Data records:
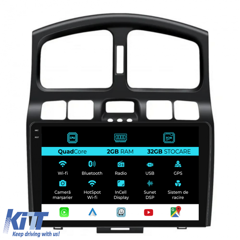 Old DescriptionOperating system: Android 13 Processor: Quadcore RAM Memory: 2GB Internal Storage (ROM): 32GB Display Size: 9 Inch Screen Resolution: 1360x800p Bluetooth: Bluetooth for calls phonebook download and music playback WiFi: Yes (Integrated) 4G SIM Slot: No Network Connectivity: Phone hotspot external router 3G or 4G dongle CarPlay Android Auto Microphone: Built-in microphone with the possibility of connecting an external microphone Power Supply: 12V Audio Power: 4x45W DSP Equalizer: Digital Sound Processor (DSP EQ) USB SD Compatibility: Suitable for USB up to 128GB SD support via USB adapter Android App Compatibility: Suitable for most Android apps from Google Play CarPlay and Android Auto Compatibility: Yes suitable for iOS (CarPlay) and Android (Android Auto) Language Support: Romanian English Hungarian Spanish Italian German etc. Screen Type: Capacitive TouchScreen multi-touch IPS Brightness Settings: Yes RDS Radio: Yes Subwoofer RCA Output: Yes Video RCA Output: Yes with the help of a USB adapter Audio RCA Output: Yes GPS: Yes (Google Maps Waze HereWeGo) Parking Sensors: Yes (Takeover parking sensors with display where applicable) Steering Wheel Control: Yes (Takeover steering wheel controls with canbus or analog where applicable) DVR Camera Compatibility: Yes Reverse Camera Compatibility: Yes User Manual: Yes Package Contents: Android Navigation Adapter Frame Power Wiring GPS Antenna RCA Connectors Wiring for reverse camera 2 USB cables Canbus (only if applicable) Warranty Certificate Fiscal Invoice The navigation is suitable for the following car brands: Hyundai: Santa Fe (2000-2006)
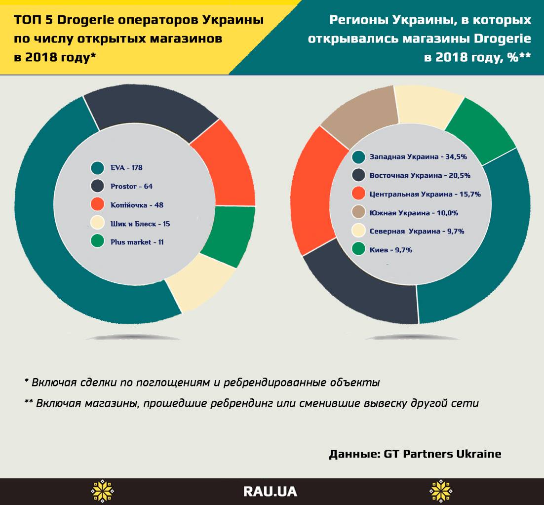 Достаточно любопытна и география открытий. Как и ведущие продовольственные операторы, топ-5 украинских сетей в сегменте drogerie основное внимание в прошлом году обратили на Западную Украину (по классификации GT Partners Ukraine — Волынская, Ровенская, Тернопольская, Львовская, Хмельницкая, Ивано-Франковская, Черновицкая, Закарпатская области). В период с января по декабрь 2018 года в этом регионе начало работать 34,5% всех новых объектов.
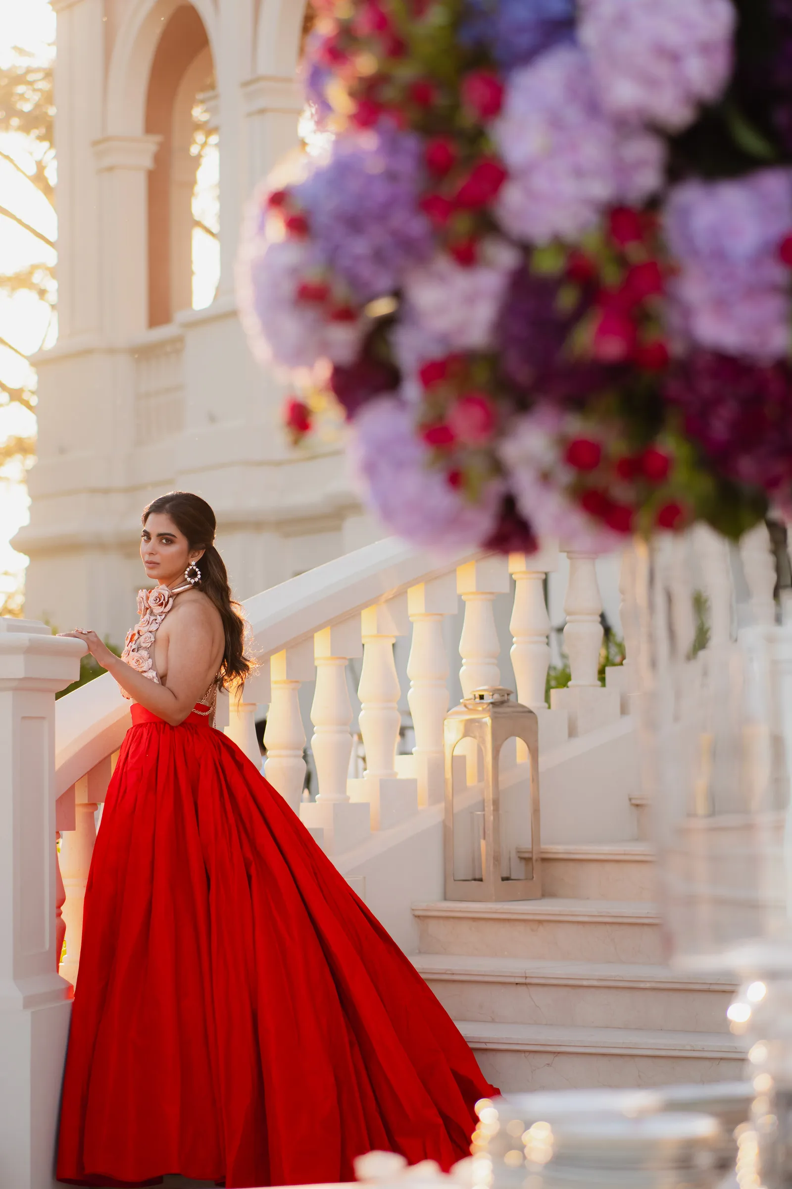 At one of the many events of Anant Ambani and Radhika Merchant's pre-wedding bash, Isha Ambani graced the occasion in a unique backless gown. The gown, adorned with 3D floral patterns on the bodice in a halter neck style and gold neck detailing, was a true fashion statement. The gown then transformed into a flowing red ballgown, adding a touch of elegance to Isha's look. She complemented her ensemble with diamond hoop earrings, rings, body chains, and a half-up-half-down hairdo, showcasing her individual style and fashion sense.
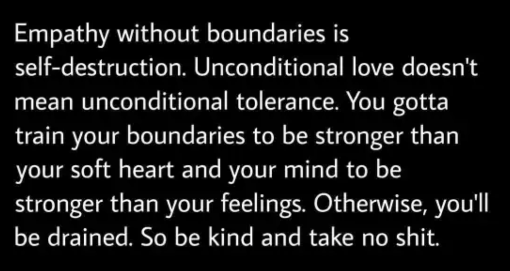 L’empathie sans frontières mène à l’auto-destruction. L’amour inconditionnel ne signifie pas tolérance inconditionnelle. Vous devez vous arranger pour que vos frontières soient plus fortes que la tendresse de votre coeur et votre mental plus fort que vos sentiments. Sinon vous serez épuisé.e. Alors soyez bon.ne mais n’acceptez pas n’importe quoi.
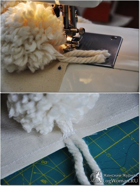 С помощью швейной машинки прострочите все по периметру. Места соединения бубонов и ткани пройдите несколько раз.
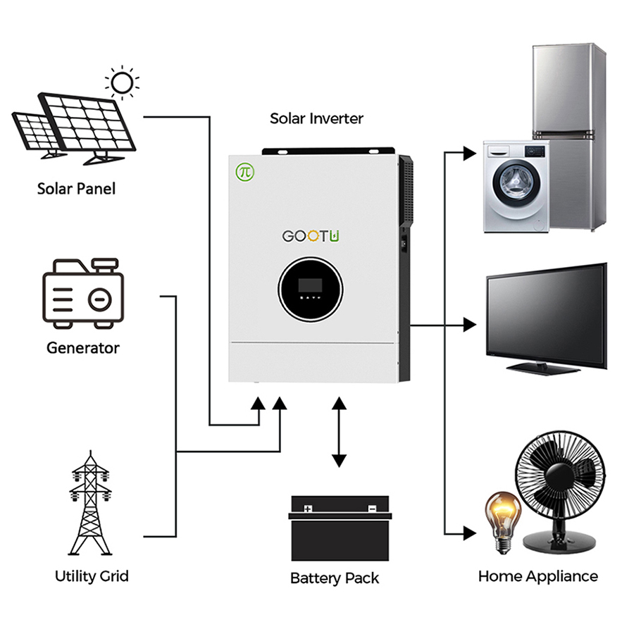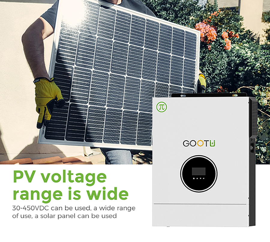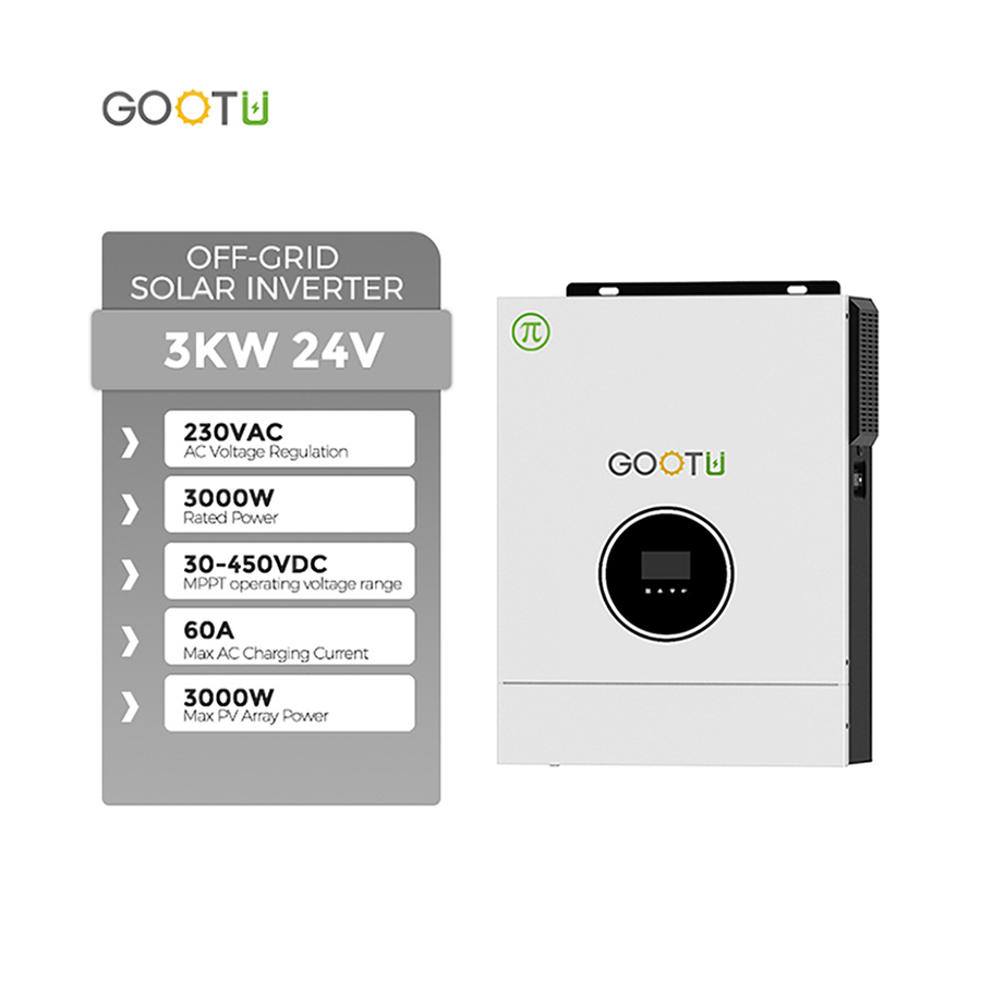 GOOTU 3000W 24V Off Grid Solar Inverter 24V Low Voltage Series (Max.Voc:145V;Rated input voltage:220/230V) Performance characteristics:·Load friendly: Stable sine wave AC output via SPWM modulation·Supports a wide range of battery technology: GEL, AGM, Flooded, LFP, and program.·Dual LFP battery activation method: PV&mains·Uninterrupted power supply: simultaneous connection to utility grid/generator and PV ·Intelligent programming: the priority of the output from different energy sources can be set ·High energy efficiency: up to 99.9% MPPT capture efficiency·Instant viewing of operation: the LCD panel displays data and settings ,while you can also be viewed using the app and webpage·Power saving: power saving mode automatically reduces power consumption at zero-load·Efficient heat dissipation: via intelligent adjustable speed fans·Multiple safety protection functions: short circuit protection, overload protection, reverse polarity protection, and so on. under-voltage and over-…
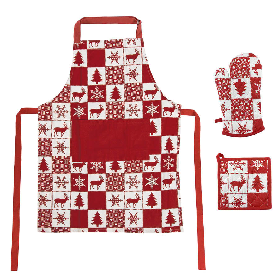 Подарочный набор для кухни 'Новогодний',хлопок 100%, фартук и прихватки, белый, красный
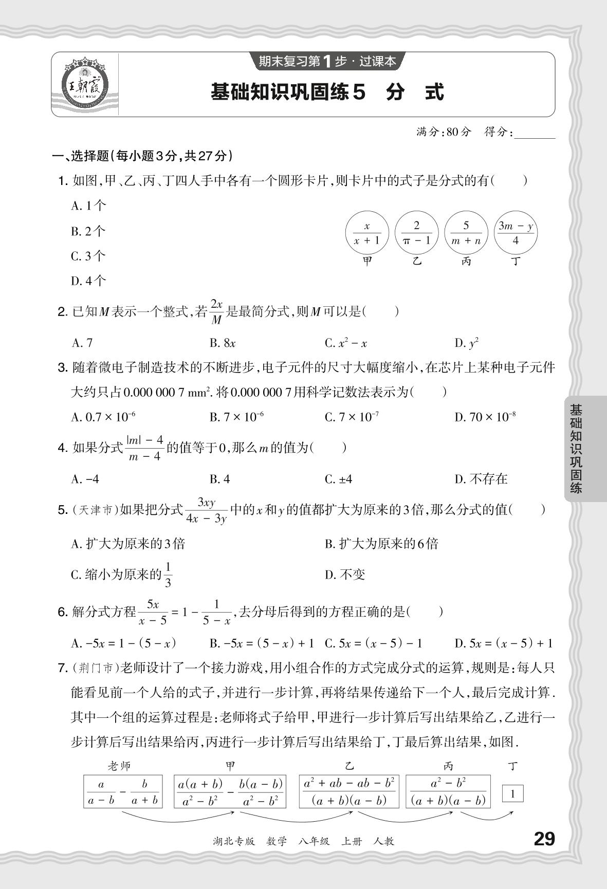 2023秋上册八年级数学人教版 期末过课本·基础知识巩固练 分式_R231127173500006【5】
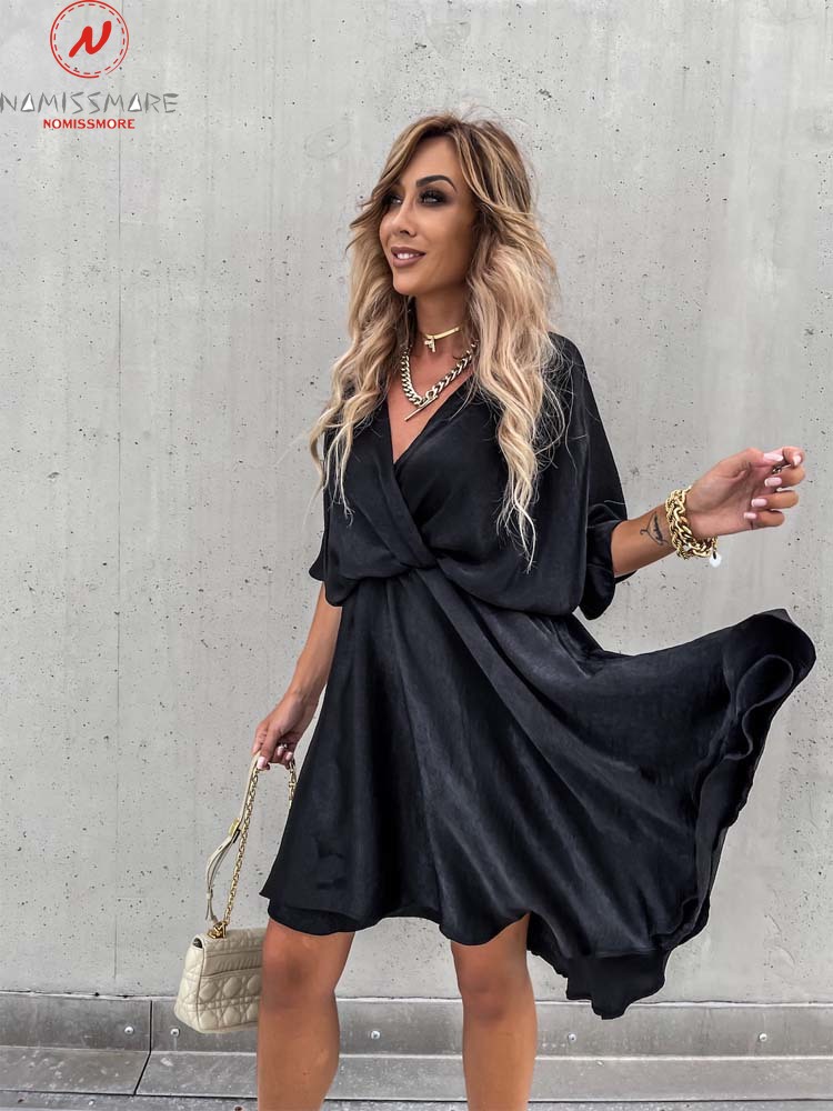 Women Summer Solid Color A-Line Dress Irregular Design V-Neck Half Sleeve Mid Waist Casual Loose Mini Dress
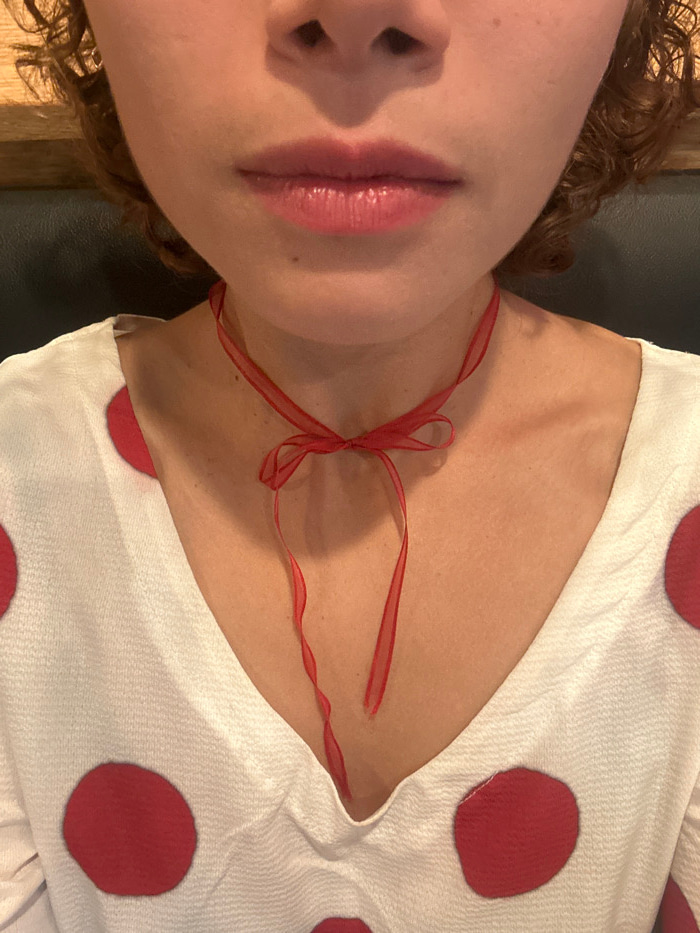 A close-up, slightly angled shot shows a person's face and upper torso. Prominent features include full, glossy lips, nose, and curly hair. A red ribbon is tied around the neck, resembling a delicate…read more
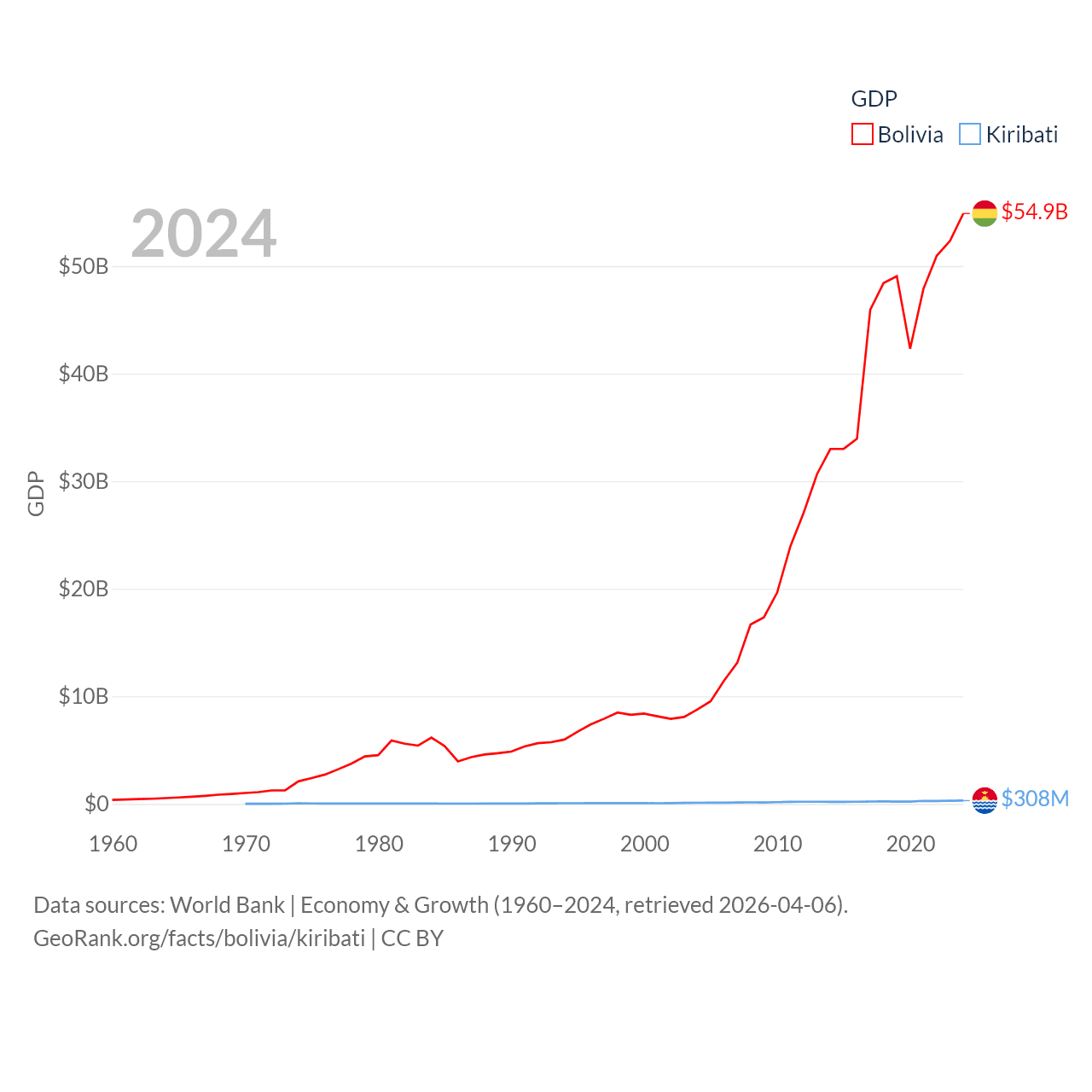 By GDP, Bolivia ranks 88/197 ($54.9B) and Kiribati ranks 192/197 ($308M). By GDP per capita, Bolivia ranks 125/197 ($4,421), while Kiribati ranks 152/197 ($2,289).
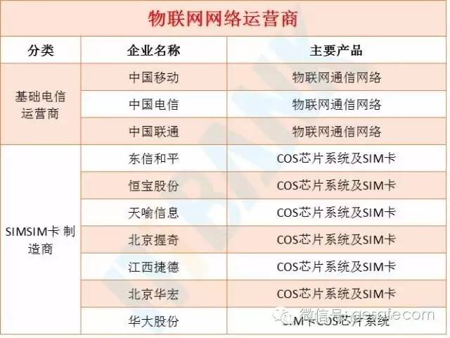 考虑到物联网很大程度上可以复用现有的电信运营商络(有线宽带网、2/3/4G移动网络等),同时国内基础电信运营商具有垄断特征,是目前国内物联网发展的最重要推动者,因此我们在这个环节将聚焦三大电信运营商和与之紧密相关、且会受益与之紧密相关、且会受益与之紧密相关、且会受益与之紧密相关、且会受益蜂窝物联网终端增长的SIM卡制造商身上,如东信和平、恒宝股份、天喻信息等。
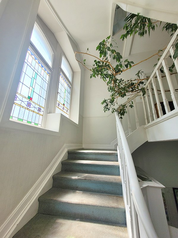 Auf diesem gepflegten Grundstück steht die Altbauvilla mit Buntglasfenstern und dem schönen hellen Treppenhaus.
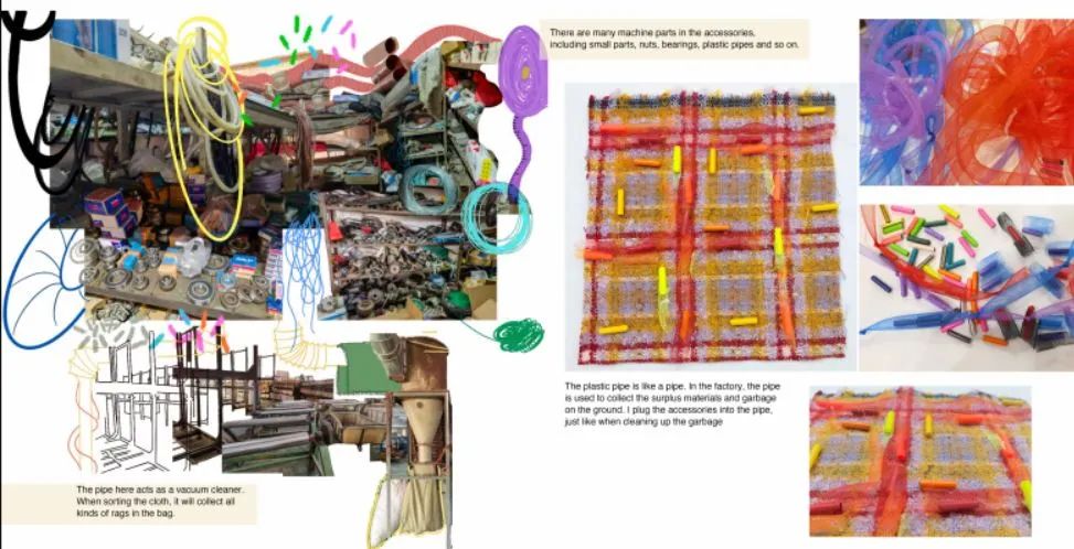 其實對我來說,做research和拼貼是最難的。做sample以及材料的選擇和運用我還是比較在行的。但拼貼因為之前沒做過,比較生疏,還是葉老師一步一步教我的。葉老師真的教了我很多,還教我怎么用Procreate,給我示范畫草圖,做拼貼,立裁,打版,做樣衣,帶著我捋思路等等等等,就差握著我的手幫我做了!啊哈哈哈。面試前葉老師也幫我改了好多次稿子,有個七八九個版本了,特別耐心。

■ **What to do**
Would you restate, exactly and with no pictures, the lines of the entries above from the one containing "С помощью швейной" through the one containing "GOOTU 3000W 24V"?

■ **Exercise result**
 С помощью швейной машинки прострочите все по периметру. Места соединения бубонов и ткани пройдите несколько раз.
 GOOTU 3000W 24V Off Grid Solar Inverter 24V Low Voltage Series (Max.Voc:145V;Rated input voltage:220/230V) Performance characteristics:·Load friendly: Stable sine wave AC output via SPWM modulation·Supports a wide range of battery technology: GEL, AGM, Flooded, LFP, and program.·Dual LFP battery activation method: PV&mains·Uninterrupted power supply: simultaneous connection to utility grid/generator and PV ·Intelligent programming: the priority of the output from different energy sources can be set ·High energy efficiency: up to 99.9% MPPT capture efficiency·Instant viewing of operation: the LCD panel displays data and settings ,while you can also be viewed using the app and webpage·Power saving: power saving mode automatically reduces power consumption at zero-load·Efficient heat dissipation: via intelligent adjustable speed fans·Multiple safety protection functions: short circuit protection, overload protection, reverse polarity protection, and so on. under-voltage and over-…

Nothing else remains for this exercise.